Computer Science ›› 2025, Vol. 52 ›› Issue (5): 241-247.doi: 10.11896/jsjkx.240700059

• Artificial Intelligence • Previous Articles     Next Articles

Multi-assistant Dynamic Setting Method for Knowledge Distillation

SI Yuehang1, CHENG Qing1,2, HUANG Jincai1   

  1. 1 Laboratory for Big Data and Decision,National University of Defense Technology,Changsha 410073,China
    2 Hunan Advanced Technology Research Institute,Changsha 410072,China
  • Received:2024-07-09 Revised:2024-11-07 Online:2025-05-15 Published:2025-05-12
  • About author:SI Yuehang,born in 2000,Ph.D.His main research interests include data fusion and knowledge processing.
    CHENG Qing,born in 1986,associate professor,is a member of CCF(No.31422G).His main research interests include knowledge reasoning and intelligence Q&A.

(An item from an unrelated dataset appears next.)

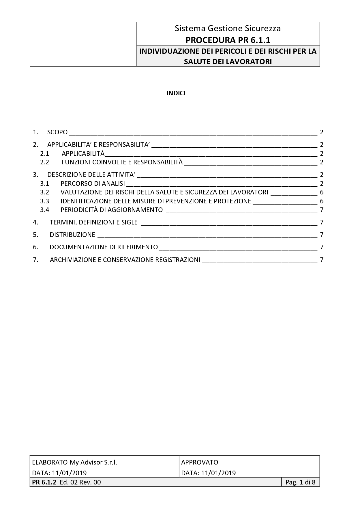 | PROCEDURE | 6.1.1 | HAZARD IDENTIFICATION AND SAFETY RISK ASSESSMENT | ||

Abstract: Knowledge distillation is increasingly gaining attention in key areas such as model compression for object recognition.Through in-depth research into the efficiency of knowledge distillation and an analysis of the characteristics of knowledge transfer between the teacher and student models,it is found that the reasonable setting of an assistant model can significantly reduce the performance gap between the teacher and student.However,the unreasonable choice of the scale and number of assistant models can have a negative impact on the student.Therefore,this paper proposes an innovative multi-assistant knowledge distillation training framework,which optimizes the process of knowledge transfer from the teacher to the student by dynamically adjusting the number and scale of assistant models,thereby improving the training accuracy of the student model.In addition,this paper also designs a dynamic stopping strategy for knowledge distillation,sets student models with different training methods as a control group,and achieves personalized design of the stopping rounds for knowledge distillation,further improving the training efficiency of the student model and constructing a more streamlined and efficient multi-assistant knowledge distillation framework.Experiments on public datasets prove the effectiveness of the proposed multi-assistant dynamic setting method for knowledge distillation.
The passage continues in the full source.